■ Records to use
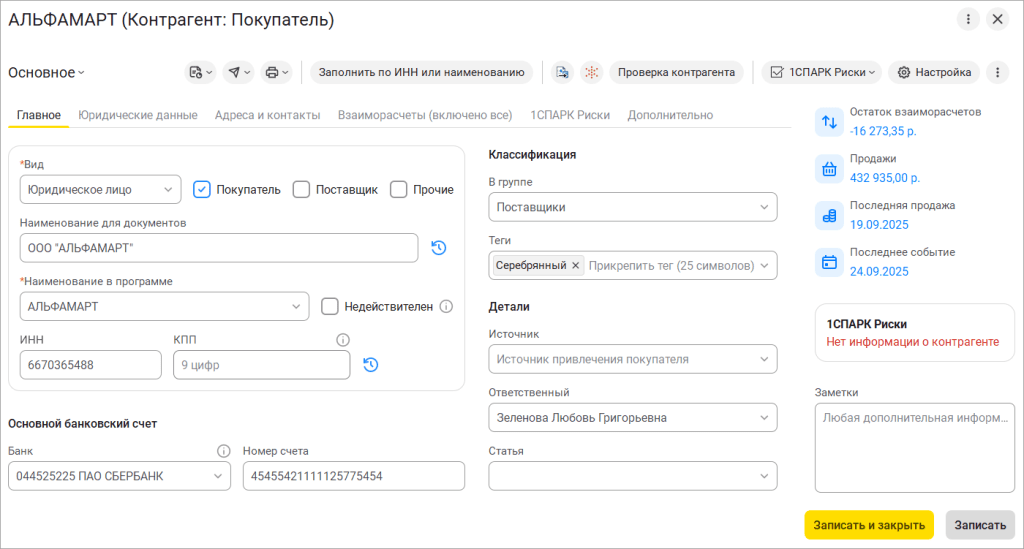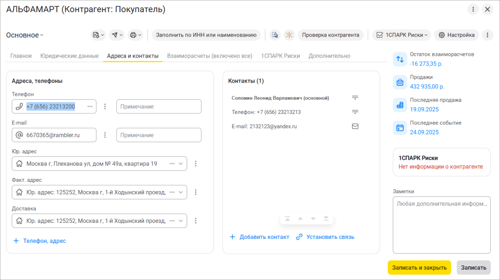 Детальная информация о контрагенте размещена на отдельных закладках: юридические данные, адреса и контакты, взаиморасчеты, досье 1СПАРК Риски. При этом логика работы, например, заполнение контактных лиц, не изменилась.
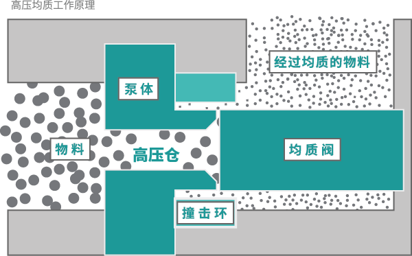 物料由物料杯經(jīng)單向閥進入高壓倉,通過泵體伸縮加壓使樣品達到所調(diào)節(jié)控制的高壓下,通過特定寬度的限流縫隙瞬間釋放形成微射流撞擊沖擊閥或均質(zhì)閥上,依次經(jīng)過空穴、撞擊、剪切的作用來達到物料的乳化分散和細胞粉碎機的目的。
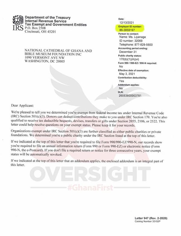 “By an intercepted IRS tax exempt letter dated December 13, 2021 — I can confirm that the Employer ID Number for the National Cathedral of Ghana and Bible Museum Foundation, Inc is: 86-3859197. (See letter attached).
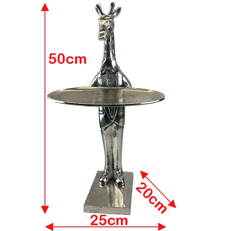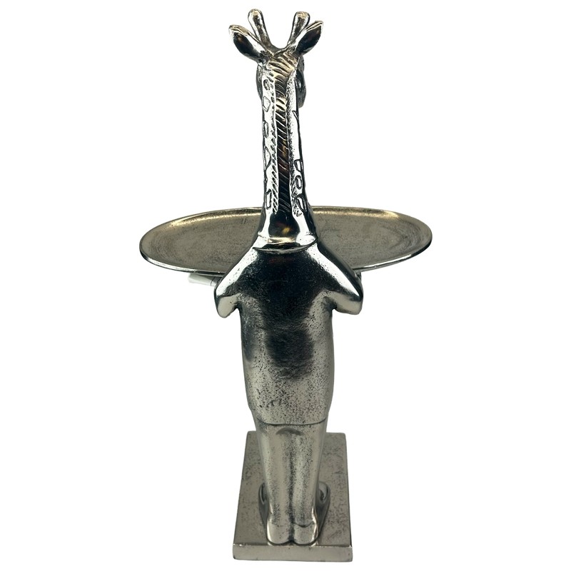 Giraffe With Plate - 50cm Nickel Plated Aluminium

--

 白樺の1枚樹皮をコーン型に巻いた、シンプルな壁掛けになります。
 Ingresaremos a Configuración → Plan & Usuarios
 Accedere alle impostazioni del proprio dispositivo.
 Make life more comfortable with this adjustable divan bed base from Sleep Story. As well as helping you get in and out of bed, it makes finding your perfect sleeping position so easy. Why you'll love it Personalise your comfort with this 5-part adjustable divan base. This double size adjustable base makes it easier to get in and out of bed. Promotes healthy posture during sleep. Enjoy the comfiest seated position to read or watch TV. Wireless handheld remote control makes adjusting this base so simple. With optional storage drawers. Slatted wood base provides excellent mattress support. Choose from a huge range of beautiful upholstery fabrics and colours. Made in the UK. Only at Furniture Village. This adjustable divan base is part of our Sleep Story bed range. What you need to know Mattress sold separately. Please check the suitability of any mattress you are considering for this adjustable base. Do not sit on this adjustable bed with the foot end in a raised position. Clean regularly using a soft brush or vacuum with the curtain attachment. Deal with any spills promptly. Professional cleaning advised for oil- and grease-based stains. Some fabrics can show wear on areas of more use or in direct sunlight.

■ Task details
Return only the part above that opens with the line containing "Детальная информация о" and closes with the line containing "Giraffe With Plate", exactly and with both ends, skipping the pictures.

■ Result of this exercise
 Детальная информация о контрагенте размещена на отдельных закладках: юридические данные, адреса и контакты, взаиморасчеты, досье 1СПАРК Риски. При этом логика работы, например, заполнение контактных лиц, не изменилась.
 物料由物料杯經(jīng)單向閥進入高壓倉,通過泵體伸縮加壓使樣品達到所調(diào)節(jié)控制的高壓下,通過特定寬度的限流縫隙瞬間釋放形成微射流撞擊沖擊閥或均質(zhì)閥上,依次經(jīng)過空穴、撞擊、剪切的作用來達到物料的乳化分散和細胞粉碎機的目的。
 “By an intercepted IRS tax exempt letter dated December 13, 2021 — I can confirm that the Employer ID Number for the National Cathedral of Ghana and Bible Museum Foundation, Inc is: 86-3859197. (See letter attached).
 Giraffe With Plate - 50cm Nickel Plated Aluminium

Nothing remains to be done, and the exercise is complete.